By the miracles of Egypt, the false views and corrupt habits of the Israelites were, for the time being, in a great measure removed. Previously they had believed in a plurality of gods; and although they remembered the God of Abraham, yet they had, as is evident from notices in the Bible, associated with his attribute of almighty power (the only attribute well understood by the patriarchs) many of the corrupt attributes of the Egyptian idols. Thus the idea of God was debased by having grovelling and corrupt attributes superinduced upon it. By miraculous agency these dishonourable views of the Divine character were removed; their minds were emptied of false impressions in order that they might be furnished with the true idea and the true attributes of the Supreme Being.

But how, to minds in the infancy of knowledge respecting God and human duty--having all they had previously learned removed, and being now about to take the first step in their progress--how could the first principles of Divine knowledge be conveyed to such minds?

One thing, in the outset, would evidently be necessary.
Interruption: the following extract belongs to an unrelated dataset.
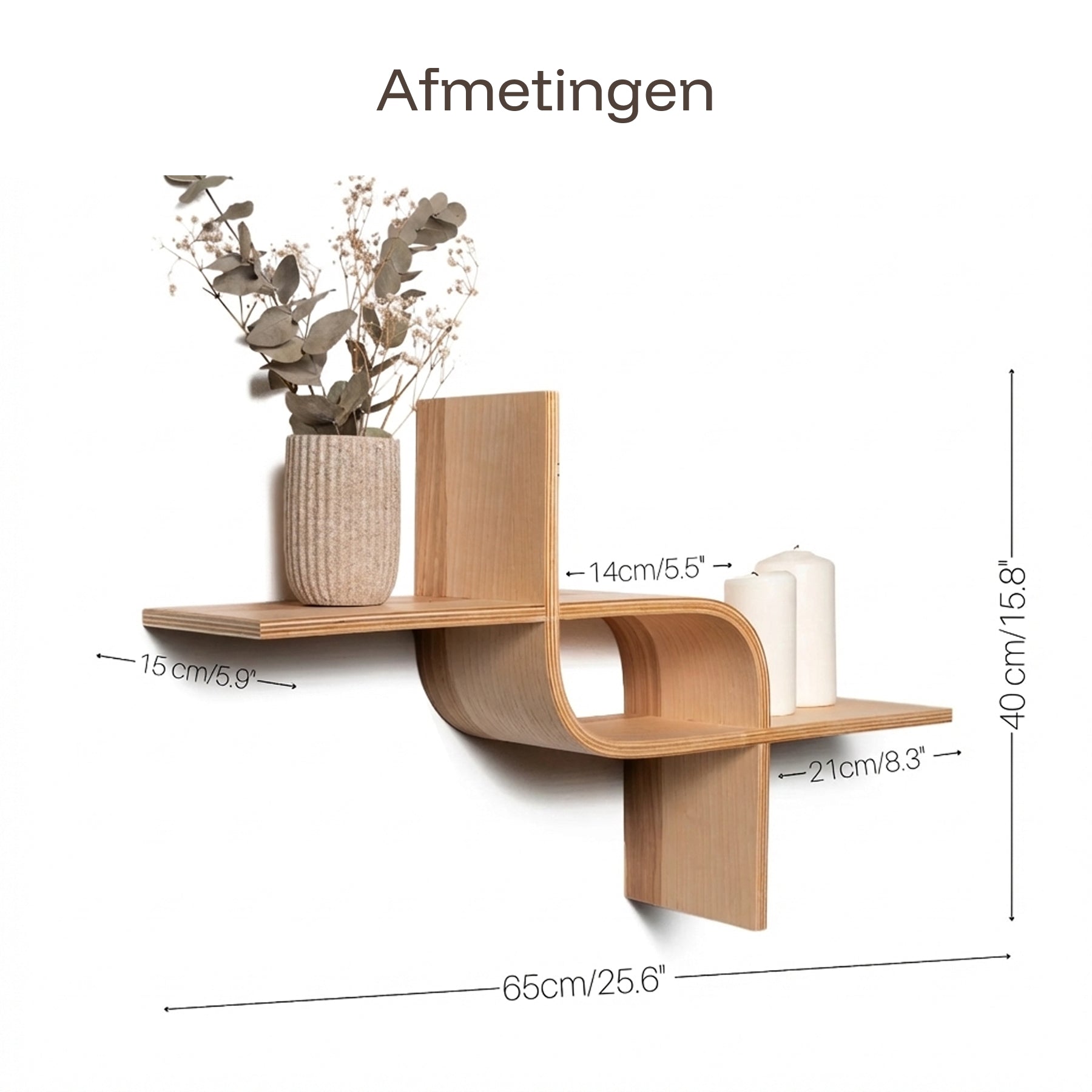 Zie de Onda niet als opbergplank, maar als een podium voor je mooiste items. Het speelse hoogteverschil is perfect om een hangplant of dierbaar souvenir in de spotlight te zetten zonder dat het rommelig oogt.
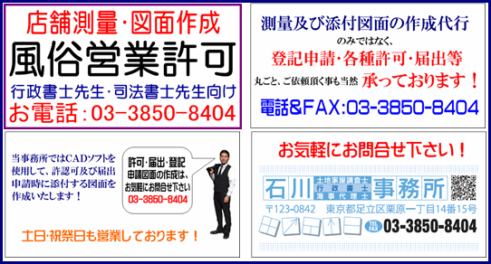 足立区風俗営業許可図面、葛飾区風俗営業許可図面、江戸川区風俗営業許可図面、板橋区風俗営業許可図面、豊島区風俗営業許可図面、北区風俗営業許可図面、荒川区風俗営業許可図面、練馬区風俗営業許可図面、千代田区風俗営業許可図面、中央区風俗営業許可図面、文京区風俗営業許可図面、港区風俗営業許可図面、台東区風俗営業許可図面、墨田区風俗営業許可図面、江東区風俗営業許可図面、品川区風俗営業許可図面、大田区風俗営業許可図面、世田谷区風俗営業許可図面、渋谷区風俗営業許可図面、目黒区風俗営業許可図面、新宿区風俗営業許可図面、中野区風俗営業許可図面、杉並区風俗営業許可図面、草加市風俗営業許可、越谷市風俗営業許可

Knowledge, as the mind is constituted, can be communicated in no other way than progressively; it would be necessary, therefore, that they should begin with the elementary principles, and proceed through all the stages of their education. The mind cannot receive at once all the parts of a system in religion, science, or any other department of human knowledge. One fact or idea must be predicated upon another, just as one stone rests upon another, from the foundation to the top of the building. There are successive steps in the acquisition of knowledge, and every step in the mind's progress must be taken from advances already made. God has inwrought the law of progression into the nature of things, and observes it in his own works. From the springing of a blade to the formation of the mind, or of a world, every thing goes forward by consecutive steps.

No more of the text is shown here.